Regarding chronic data, two studies are available evaluating the toxicity of the SCAE Methyl Esters to aquatic invertebrates. The study conducted on methyl laurate (CAS 111-82-0, C12 fatty acid chain length) reported toxicity to aquatic life with long lasting effects for Daphnia magna after 21 days, with a NOEC = 0.0814 mg/L (mean measured concentration). Due to the metabolism of fatty acid methyl esters to the corresponding alcohol (methanol) and fatty acids, chronic data from palmitic (C16) acid (CAS 57-10-3) is considered as a valid read-across for the SCAE Methyl ester with longer fatty acid C-chain lengths (> C14). In the long-term study (limit-test) conducted with this substance on Daphnia magna according to OECD 211, no effects in survival or reproduction were observed, resulting in a NOEC ≥ 0.22 mg/L (measured TWA concentration). These results are in line with the toxicity trend observed in the acute aquatic invertebrates tests (high toxicity for C12 (CAS 111-82-0) and no toxicity for long fatty acid C-chain lengths (> C14)). An additional test performed according to OECD 211 is currently ongoing for methyl octanoate (CAS 111-11-5, C8). Once the results of this test become available, the chemical safety assessment according to Annex I of Regulation (EC) No. 1907/2006 will be re-evaluated for this substance based on the outcome of this new study, and the category justification will be updated as soon as possible.

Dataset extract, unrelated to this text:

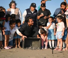 El gobernador Eduardo Ramírez Aguilar encabezó la liberación de crías de tortuga marina en la playa de Puerto Arista, en el municipio de Tonalá, donde refrendó el compromiso del gobierno de la Nueva ERA con el cuidado, la protección y la conservación de estas especies.
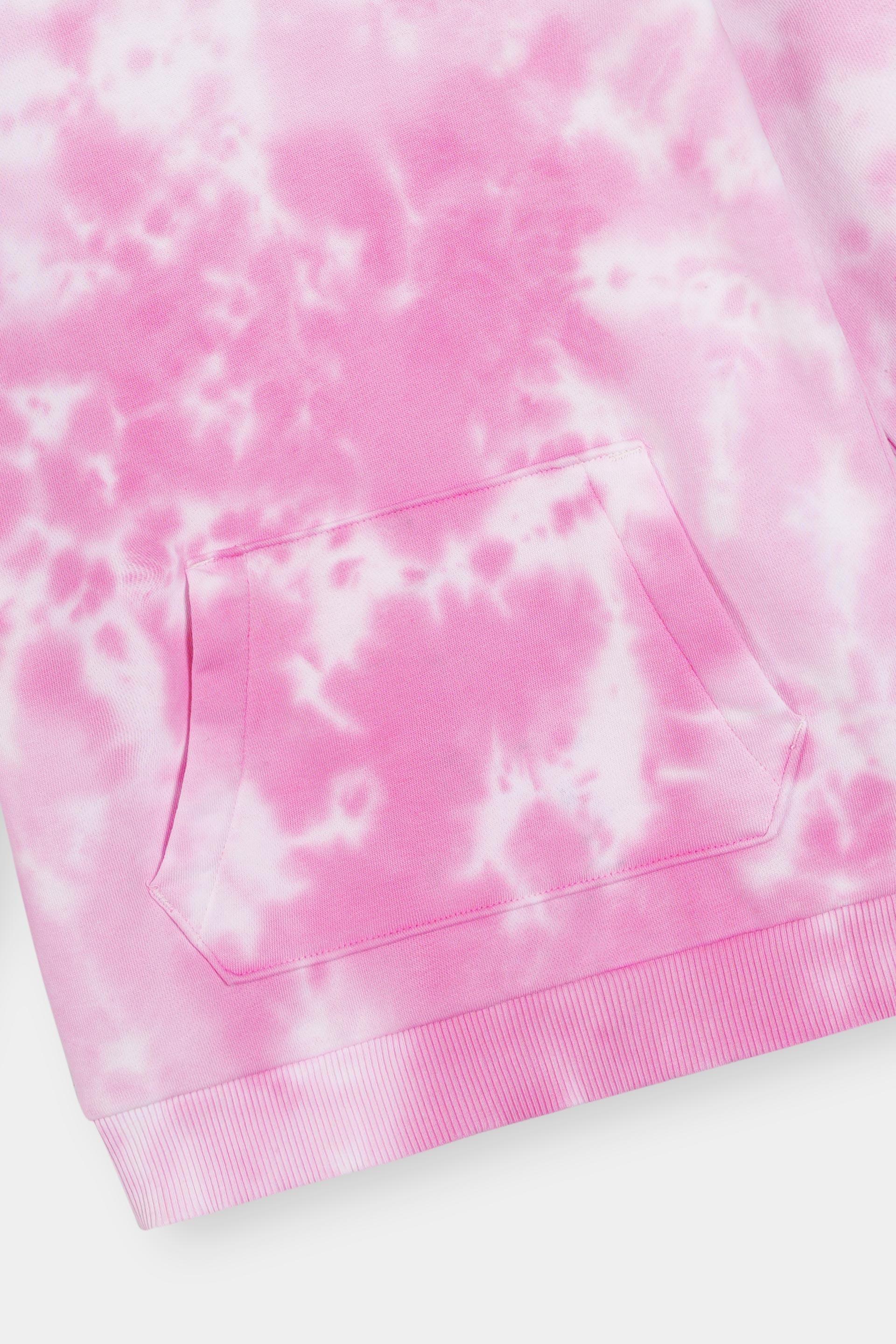 This boys' pink tie-dye pullover hoodie offers a vibrant, modern look with its unique color pattern. Designed for comfort and functionality, it features a front kangaroo pocket that provides convenient storage and a cozy handwarmer. Ideal for everyday wear, this hoodie blends trend-forward style with practical design.

Due to the availability of chronic NOEC values for the most sensitive species within the category (aquatic invertebrates and algae), long-term toxicity data on fish species is not deemed necessary for further assessment.

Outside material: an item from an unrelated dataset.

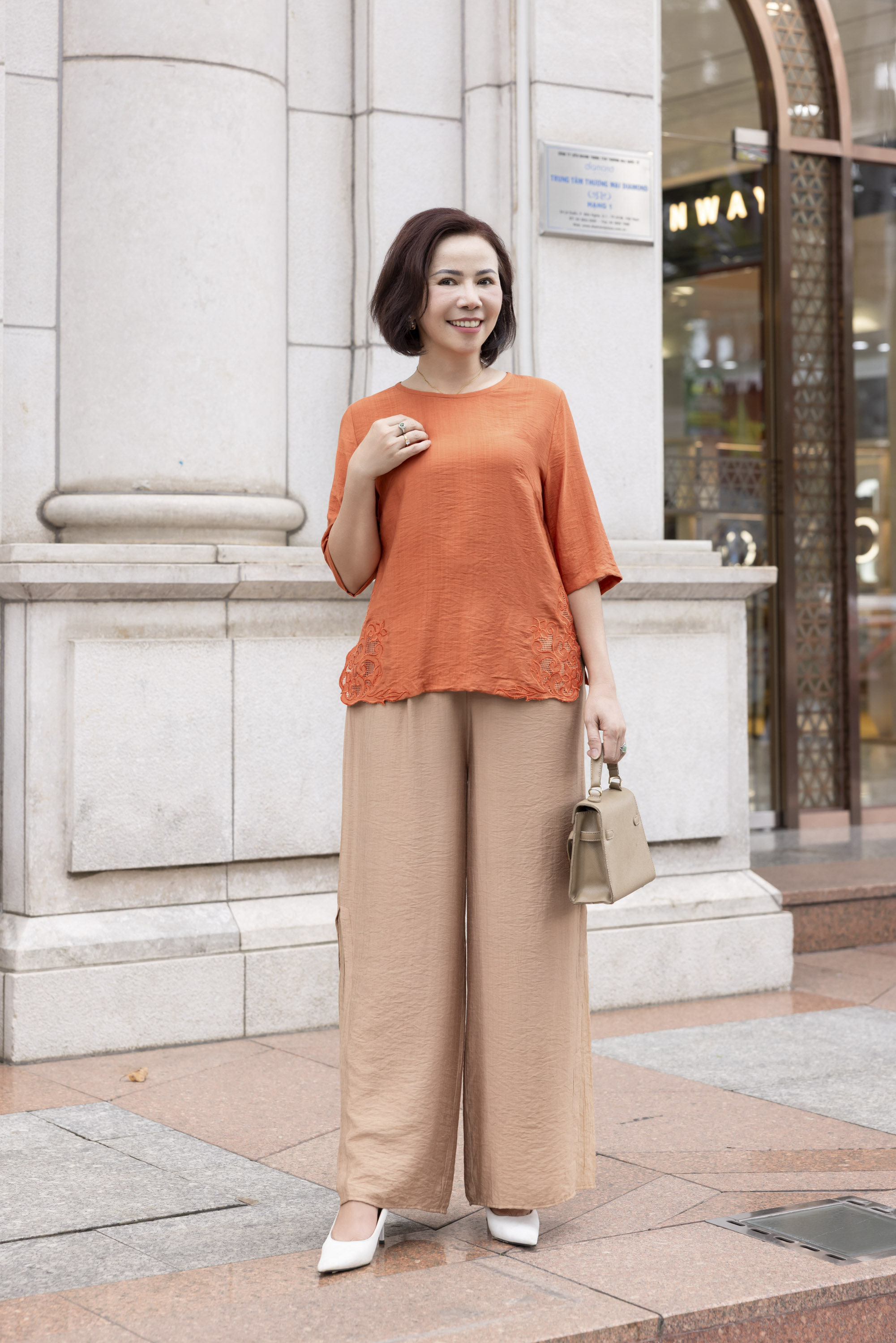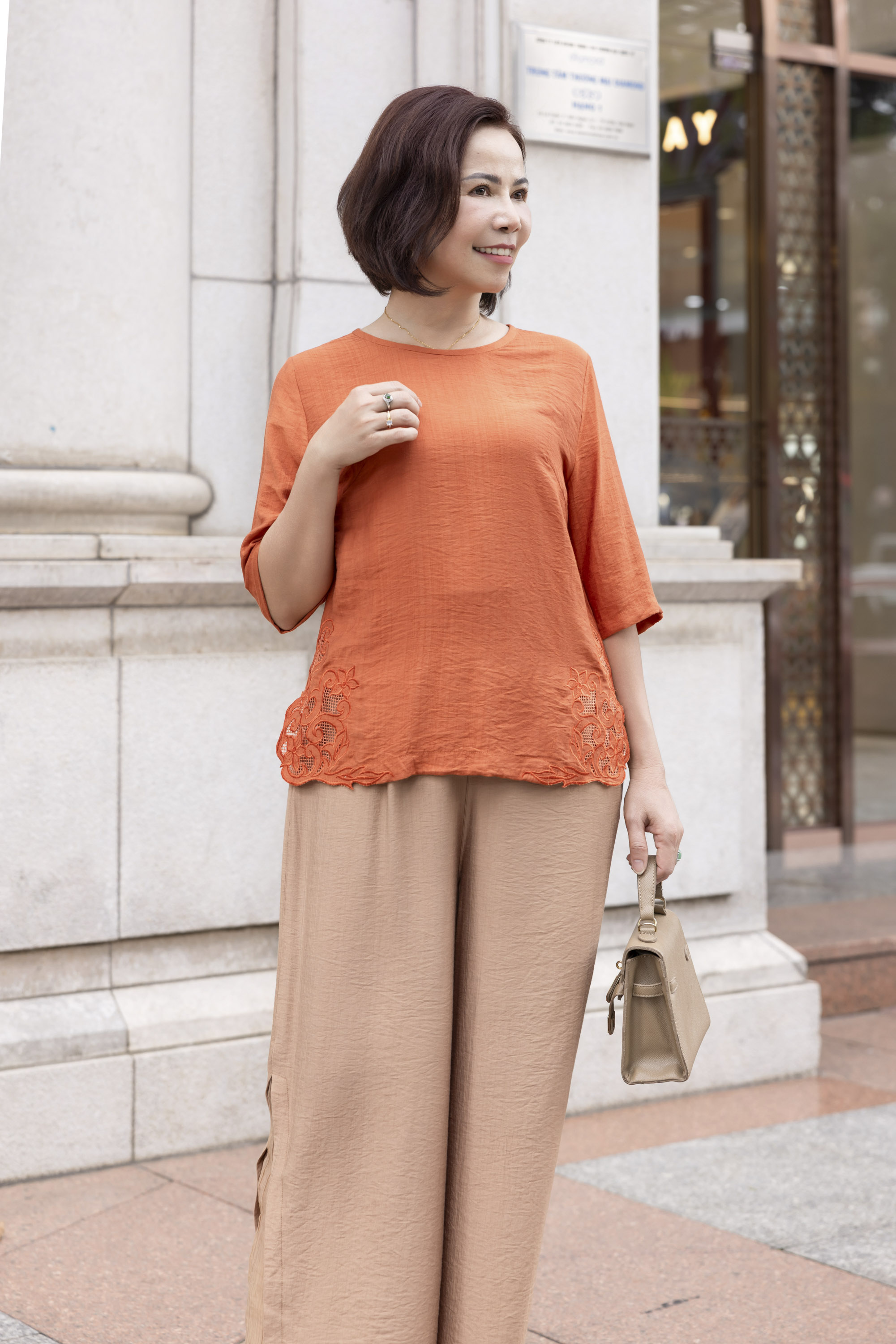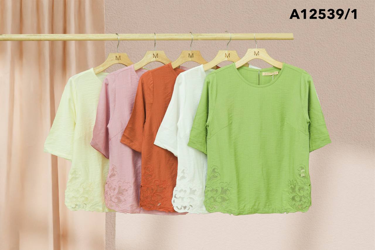 M COLLECTION | Áo Kiểu Nữ Trung Niên Tặng Mẹ, Bà Vải Lụa Thêu Hoa Hè Mát Mẻ Cổ Tròn Tay Ngắn A12296LW01

Due to the ready biodegradability of the SCAE Methyl esters, no toxicity could be expected for microorganisms and the inhibition of the biodegradation activity of activated sludge is not anticipated. One study (OECD 209) evaluating the toxicity of methyl laurate (CAS 111-82-0) to aquatic microorganisms is available (Fiebig, 2013), in which no inhibiting effects of the substance to microorganisms activity were reported, leading to a NOEC (3 h) ≥ 1000 mg/L (nominal concentration). Considering that methyl laurate exhibits the highest toxic potential to aquatic organisms, its lack of toxicity in the OECD 209 and the ready biodegradation studies, give a good indication of the expected lack of toxicity of the SCAE Me category members to activated sludge microorganisms.

A detailed reference list is provided in the technical dossier (IUCLID, section 13) and within CSR.